Cloud Data Prep Overview
Cloud Data Prep is a visual data preparation tool built on Apache Cloud Dataprep (Trifacta). It allows data engineers and analysts to explore, clean, and transform data without writing code.
Key Features
Data Preparation Workflow
Transformation Recipes
Common Transformations
// Data Prep recipe steps (TRQL - Trifacta Recipe Language)
// 1. Rename columns
rename col: `old_name` to: `new_name`
// 2. Change data types
settype col: `amount` as: float
// 3. Filter rows
filter rowtype: `status` == "active"
// 4. Extract date parts
derive col: `year` as: year(`order_date`)
derive col: `month` as: month(`order_date`)
// 5. Conditional transformation
derive col: `category` as:
if(`amount` > 1000, "premium",
if(`amount` > 100, "standard", "basic"))
// 6. String operations
derive col: `domain` as: extract(`email`, "@(.+)$")
// 7. Aggregation
aggregate value: sum(`amount`) group: `product_category`
// 8. Join datasets
join col: `user_id` with: `users` on: `user_id`
Data Quality Rules
// Validation rules
validate col: `email` regex: `^[a-zA-Z0-9._%+-]+@[a-zA-Z0-9.-]+\.[a-zA-Z]{2,}$`
validate col: `phone` regex: `^\+?[1-9]\d{1,14}$`
validate col: `amount` range: 0 to 1000000
validate col: `date` format: "yyyy-MM-dd"
// Custom validation
validate col: `status` in: ["active", "inactive", "pending"]
// Row-level validation
validate row: `amount` > 0 and `quantity` > 0
Integration with Data Engineering
Export to BigQuery
# Data Prep API for programmatic access
import requests
def create_dataprep_job(api_key, recipe_id, output_table):
"""Create Data Prep job via API."""
headers = {
'Authorization': f'Bearer {api_key}',
'Content-Type': 'application/json'
}
job_config = {
"wrangledDataset": {
"id": recipe_id
},
"execution": {
"runsOn": {
"type": "dataproc",
"projectId": "my-project",
"region": "us-central1"
}
},
"outputs": [{
"type": "bigquery",
"table": output_table
}]
}
response = requests.post(
"https://api.dataprep.trifacta.com/v4/job",
headers=headers,
json=job_config
)
return response.json()
Always monitor your BigQuery costs using INFORMATION_SCHEMA. Set up budget alerts at 50%, 80%, and 100% thresholds.
Cost Optimization
# Data Prep pricing components
pricing = {
"dataprep_units": {
"description": "DPUs consumed per transformation",
"cost_per_unit": "$0.05 per DPU-hour"
},
"dataflow_workers": {
"description": "Compute for running recipes",
"cost": "Standard Dataflow pricing"
},
"storage": {
"description": "GCS for intermediate data",
"cost": "Standard GCS pricing"
}
}
# Cost optimization strategies
strategies = {
"profile_before_transform": "Understand data quality before processing",
"use_sampling": "Profile on samples, run full on production",
"incremental_processing": "Process only new/changed data",
"right_size_workers": "Don't over-provision Dataflow workers",
"schedule_off_peak": "Run jobs during off-peak hours for lower costs"
}
βΉοΈ
Cost Tip: Data Prep charges per DPU-hour (Data Preparation Unit).
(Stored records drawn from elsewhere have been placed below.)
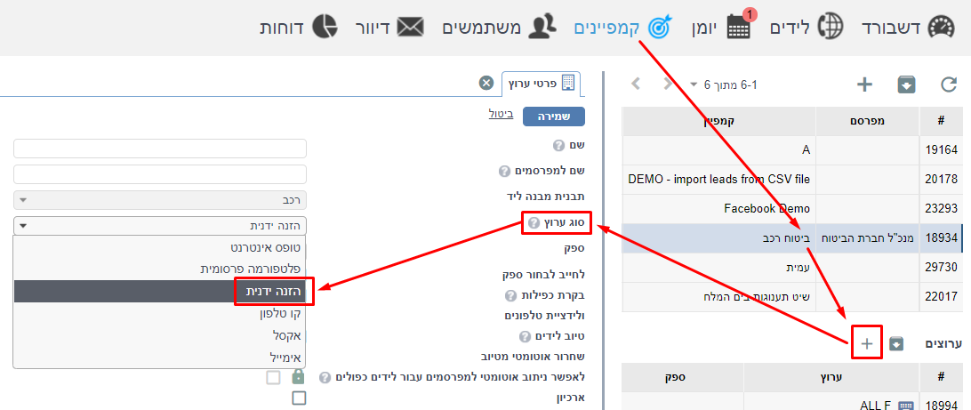 על מנת להזין ליד ידני, חובה שיהיה קיים ערוץ מסוג "הזנה ידנית" תחת אחד הקמפיינים במערכת. ללא ערוץ כזה, האופציה להזנה ידנית לא תהיה זמינה.
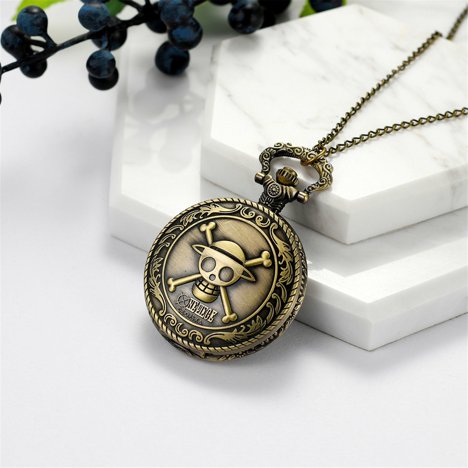 Antique Bronze Tone Skull Crossbones Quartz Pocket Watch Necklace Chain Gift
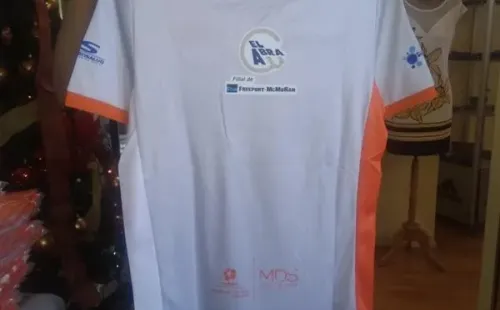 Por su parte, la segunda camiseta es blanca como fondo con naranjo en el cuello, mangas y los costados del torso.
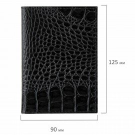 Обложка для автодокументов натуральная кожа кайман, без тиснения, черная, BRAUBERG, 238189
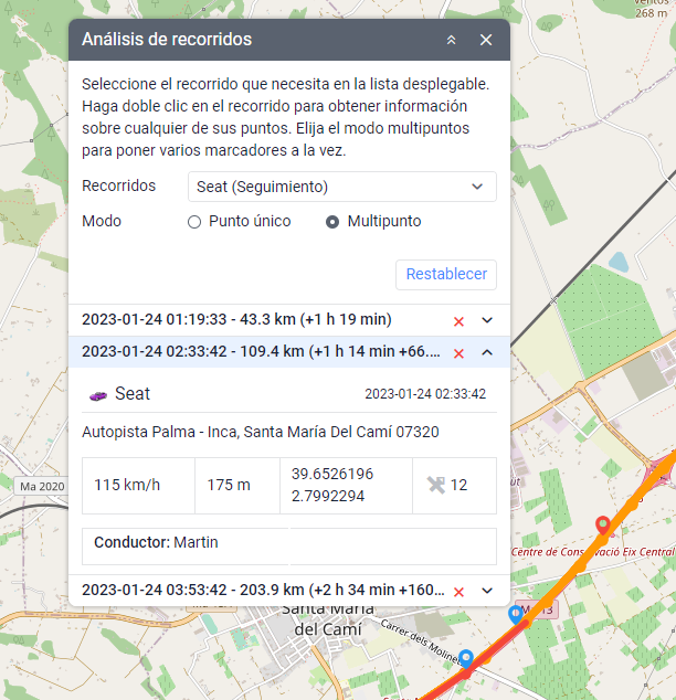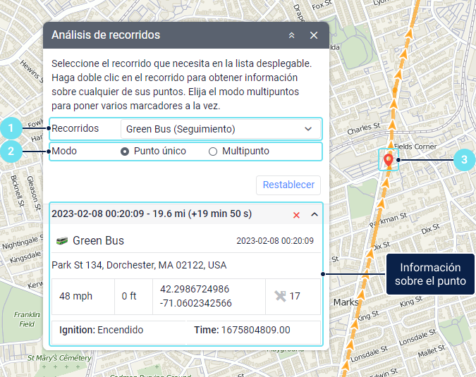 Esta herramienta permite obtener la información detallada sobre los puntos del recorrido. Antes de iniciar, tiene que visualizar el recorrido de la unidad utilizando uno de los siguientes métodos:
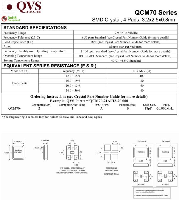 QVS晶振,QCM70晶振,QCM70-21AF18-20.000晶振,貼片晶振本身體積小,超薄型石英晶體振蕩器,特別適用于有目前高速發展的高端電子數碼產品,因為晶振本身小型化需求的市場領域,小型,薄型是對應陶瓷振蕩器(偏差大)和普通的石英晶體振蕩器(偏差小)的中間領域的一種性價比較出色的產品.產品廣泛用于筆記本電腦,無線電話,衛星導航SSD,USB,Blu-ray等用途,符合無鉛焊接的高溫回流焊曲線特性.QVS TECH INC已成功提供高品質的頻率控制產品超過 15 年。作為位于加利福尼亞州卡爾斯巴德的女性擁有的小型企業總部,QVS TECH INC 以為我們的客戶提供優質服務和快速交貨而享有盛譽。

Profile your data first to understand complexity, then optimize transformations. Use sampling for initial exploration and schedule production jobs during off-peak hours.
Common Interview Questions
Q1: When would you use Cloud Data Prep vs. writing code?
Answer: Cloud Data Prep is ideal for ad-hoc data exploration, business analyst self-service, and quick prototyping. Use code (Python/SQL) for production pipelines requiring version control, testing, and complex logic. Data Prep excels at visual data profiling and interactive transformations.
Q2: How does Data Prep integrate with BigQuery?
Answer: Data Prep can read directly from BigQuery tables and write transformed data back. Use the BigQuery connection for seamless integration. For large datasets, export to GCS first, then load into BigQuery for optimal performance.
Q3: What is the DPU model in Data Prep?
Answer: DPU (Data Preparation Unit) measures computational effort per transformation. Complex operations like joins consume more DPUs than simple filters. Understanding DPU consumption helps optimize costs and plan resource allocation.
Q4: How do you version control Data Prep recipes?
Answer: Data Prep maintains built-in version history for all recipe changes. For external version control, export recipes as JSON and store in Git. Use the Data Prep API to automate recipe deployment across environments.
Q5: What data formats does Data Prep support?
Answer: Data Prep supports CSV, JSON, Parquet, Avro, Excel, and fixed-width formats. For best performance with large datasets, use columnar formats (Parquet/Avro). For web applications, JSON is commonly used.